- _EXERCISE REQUIREMENTS_
Could you output each line below precisely as it stands, without the images?

*** DATA SEGMENT Section Begins ***

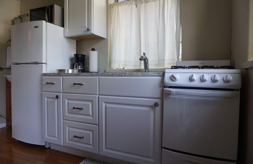 Este apartamento está ubicado en el primer piso de un edificio de apartamentos de estilo victoriano de seis unidades. La casa es un clásico victoriano construido en la década de 1890, que ha sido remodelado de arriba a abajo. Ubicada en una calle arbolada con amplias aceras, esta casa está lo suficientemente cerca como para caminar por el centro, pero en una calle tranquila del vecindario. La casa tiene un gran porche que comparten todos los huéspedes, y un bonito patio cercado, con césped y un patio con muebles. Hay estacionamiento de pago en la calle disponible y también estacionamiento gratuito en la calle.
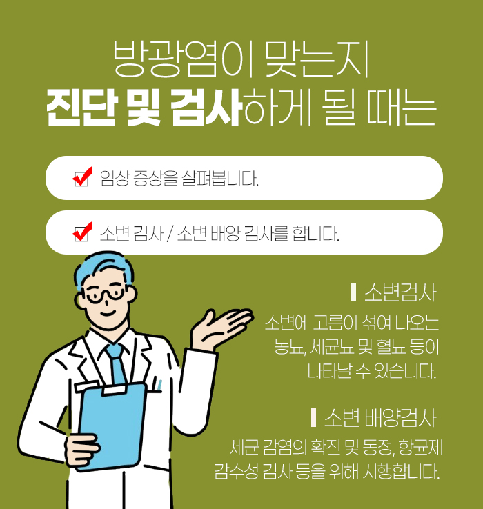 이렇게 방광염에 대해 진단 및 검사를 하게 될 때는 임상 증상에 대해 살펴보게 되고 소변 검사나 소변 배양 검사를 진행하게 되는데요. 소변 검사는 소변에 고름이 섞여 나오는 농뇨, 세균뇨 및 혈뇨 등이 나타날 수 있답니다. 또 소변 배양 검사는 세균 감염의 확진 및 동정, 향균제 감수성 검사 등을 위해 시행하게 되는데요.
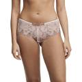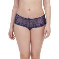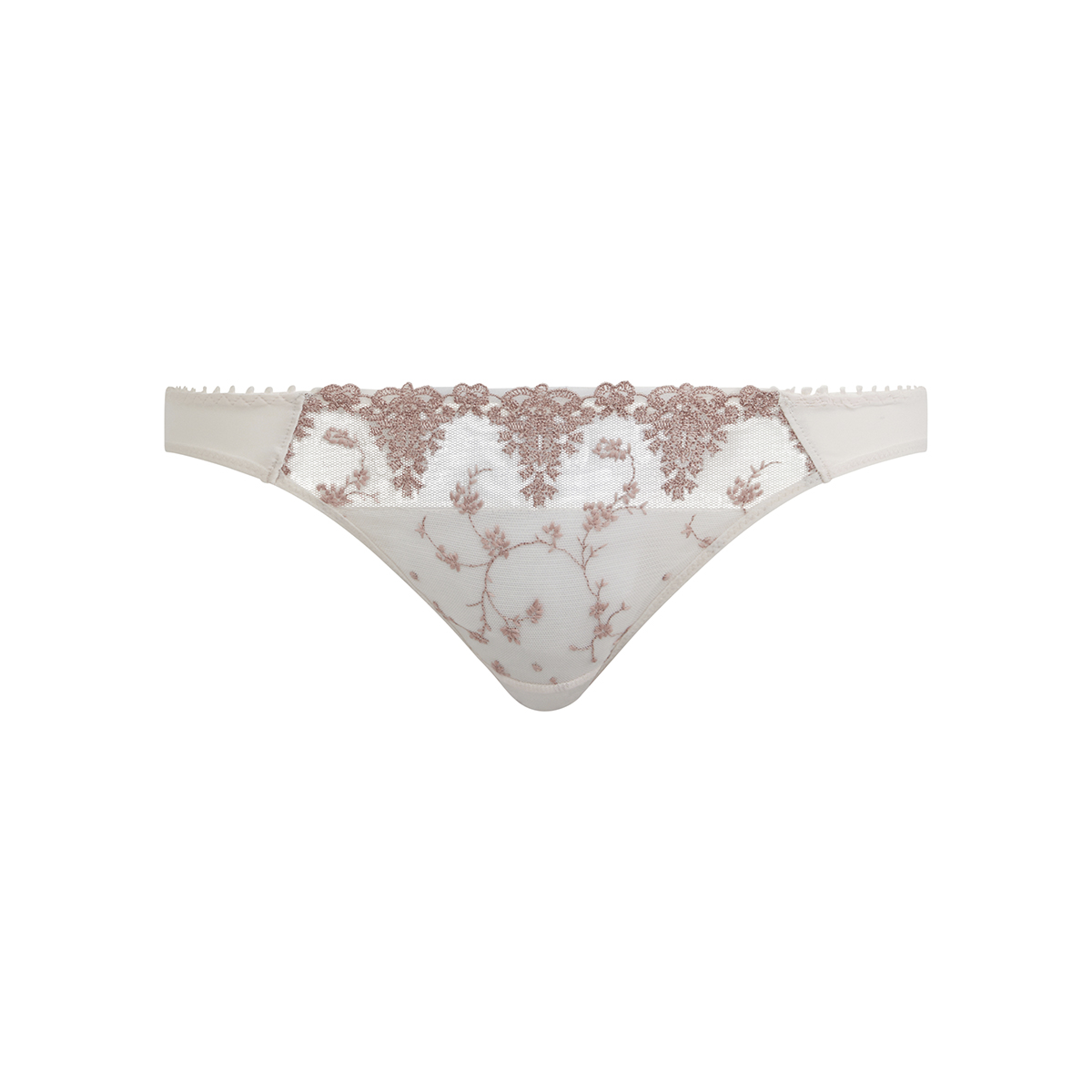 класична середньозанижена закрита форма трусиків; передня панель дубльована та виконана з тюлю з ніжною квітковою вишивкою на тлі та контрастною вишивкою біля пояса; задня панель із мікрофібри; бавовняна ластка.

*** DATA SEGMENT Section Ends ***

- _PROBLEM SOLUTION_
 Este apartamento está ubicado en el primer piso de un edificio de apartamentos de estilo victoriano de seis unidades. La casa es un clásico victoriano construido en la década de 1890, que ha sido remodelado de arriba a abajo. Ubicada en una calle arbolada con amplias aceras, esta casa está lo suficientemente cerca como para caminar por el centro, pero en una calle tranquila del vecindario. La casa tiene un gran porche que comparten todos los huéspedes, y un bonito patio cercado, con césped y un patio con muebles. Hay estacionamiento de pago en la calle disponible y también estacionamiento gratuito en la calle.
 이렇게 방광염에 대해 진단 및 검사를 하게 될 때는 임상 증상에 대해 살펴보게 되고 소변 검사나 소변 배양 검사를 진행하게 되는데요. 소변 검사는 소변에 고름이 섞여 나오는 농뇨, 세균뇨 및 혈뇨 등이 나타날 수 있답니다. 또 소변 배양 검사는 세균 감염의 확진 및 동정, 향균제 감수성 검사 등을 위해 시행하게 되는데요.
 класична середньозанижена закрита форма трусиків; передня панель дубльована та виконана з тюлю з ніжною квітковою вишивкою на тлі та контрастною вишивкою біля пояса; задня панель із мікрофібри; бавовняна ластка.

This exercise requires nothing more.